Ford Mustang GT vs Ford Focus RS ¿quién gana?

Pocas marcas han logrado posicionarse adecuadamente en regiones tan distintas como Ford en Estados Unidos y Europa, mientras que en el primero, Ford es el fabricante de automóviles más americano de todos, en gran medida gracias a la Serie F, la pick up no solo más vendida en ese mercado, sino a nivel mundial. Aunque no podemos dejar de reconocer la aportación que tiene el Mustang en su poco más de medio siglo de vida.



En contraste, la firma del óvalo azul en el viejo continente es percibida como marca europea, a diferencia de Chevrolet, Chrysler o Dodge, que jamás lograron triunfar allá.

Los gustos y necesidades de los europeos son completamente distintos.

Factores como el espacio o el costo de los combustibles han propiciado que sea el Fiesta, el modelo que mejor define a la compañía creada por Henry Ford.

Del lado de la deportividad sin embargo; lo primero que se viene a la mente en Europa cuando hablamos de Ford es su relación con los rallies y las siglas RS (Rallye Sport). Vehículos radicales y con un pedigrí que nada tiene que envidiar al del Mustang, y es esa tradición la que da vida al Focus RS. Mustang GT vs Focus RS…

América vs Europa Si el Mustang GT representa a la perfección lo que un deportivo debe ser en la mente de los norteamericanos, el Focus RS hace exactamente lo mismo en la de los europeos. Por un lado, un coupé de dos puertas, V8 y tracción trasera. Por el otro, un hatchback de cinco puertas, con motor cuatro cilindros turbo y tracción a las cuatro ruedas. Llevamos estos deportivos tan opuestos a un recorrido por carretera, ciudad y obviamente un circuito para determinar, cuál es el mejor.

Ford Mustang GT Ford Focus RS Motor V8 5.0L L4 T 2.3L Potencia 435 hp 350 hp Torque 400 lb-pie 350 lb-pie Transmisión Aut 6 vel Man 6 vel Tracción Trasera AWD Peso 1,691 1,599 Precio $665,000 $683,000 En ciudad El tamaño compacto del Focus RS le otorga cierta ventaja sobre el Mustang en los pequeños espacios que hay en el tránsito, el hatch se mueve con mayor agilidad y es más fácil de conducir.

Lo anterior también en gran medida gracias a que ofrece mejor visibilidad y una posición de comando más funcional.

El Mustang se mueve con mayor dificultad, la visibilidad desde adentro no es tan buena y es demasiado trompudo y ancho, por lo que calcular sus dimensiones en espacios reducidos se complica.

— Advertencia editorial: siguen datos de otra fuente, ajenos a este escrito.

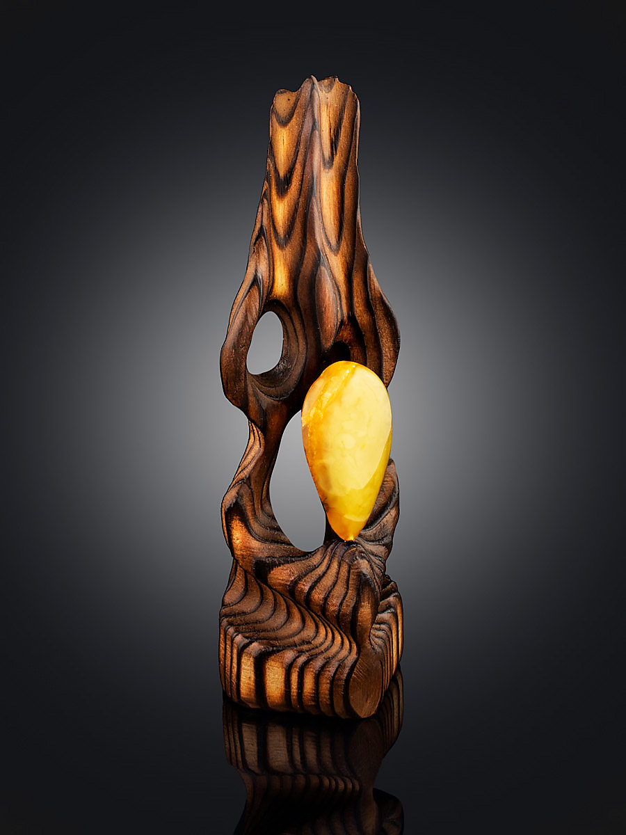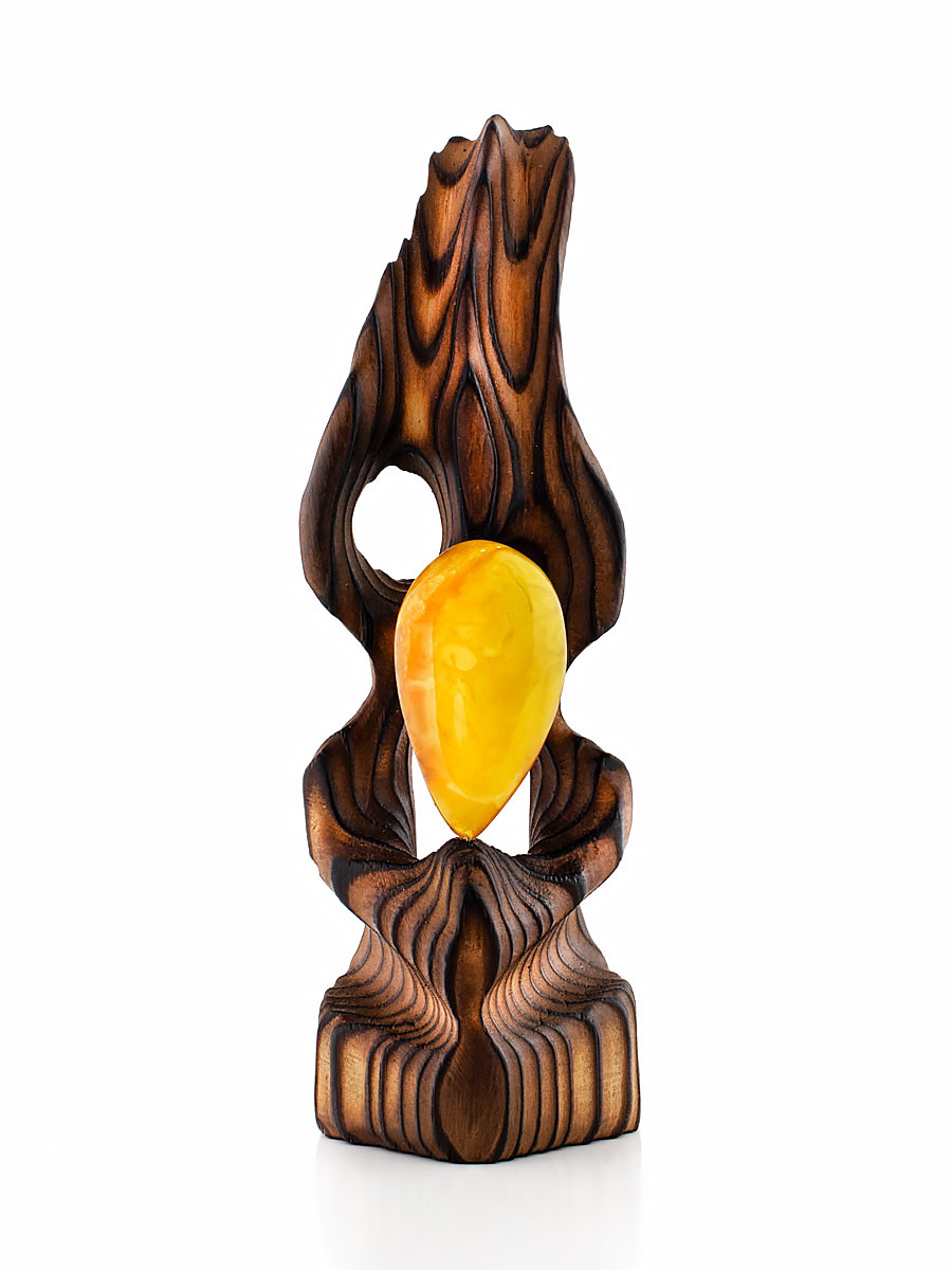 Декоративная статуэтка из дерева, украшенная цельным кусочком натурального янтаря

Sin embargo, basta con llegar a la primera zona en mal estado – de esas que casi no hay en la CDMX y toda la Zona Metropolitana – para empezar a sufrir los estragos de la suspensión tan rígida del Focus RS, cada imperfección se siente en la zona lumbar y pronto empieza a surgir una ansiedad de que un bache mal calculado acabe con una llanta si bien te va, porque podría ser con todo y rin.

Adicionalmente, el primer embotellamiento te recordará a cada momento lo tremendamente duro que es este clutch.

Por su parte, el Mustang es capaz de entregar una marcha cómoda, la suspensión no castiga en absoluto y la transmisión automática es una delicia en esos horribles días de marchas y plantones.

Definitivamente el Mustang es adecuado para el uso diario, mientras que el Focus RS, aun cuando es más ágil y pequeño no lo es. En Carretera En este ambiente, las siglas GT cobran todo el sentido del mundo, el Mustang es un Gran Turismo en toda la extensión de la palabra, perfecto para salir a carretera y gozar del rugido del V8.

Se planta perfectamente, con un aplomo sobresaliente, pero al mismo tiempo es cómodo y disfrutable.

Lo anterior no impide que el Ford Mustang GT sea capaz de acelerar muy rápido, los 435 equinos responden con mucho brío e incluso he de confesar que en las largas rectas, parecía que seguirle el paso le costaba trabajo al Focus RS.

Quizá también porque en el Focus la sensación de velocidad es mucho mayor y eso intimida un poco, ya que esta fuera de discusión que el 2.3 litros Ecoboost es perfectamente capaz de catapultar al hatch a toda velocidad con mucha facilidad.

El Ford Focus RS exige más al conductor, las irregularidades se transmiten mucho y la marcha en general es más nerviosa. Aunque eso sí, a la primer curva pronunciada, es cuando muestra todo su potencial y capacidades.

Sí, el Mustang se planta muy bien, pero el Focus está en otro nivel, se agarra como si tuviera uñas y no ruedas, la capacidad de curveo parece infinita gracias a su sofisticado sistema AWD que envía de forma casi instantánea la potencia a donde se necesita.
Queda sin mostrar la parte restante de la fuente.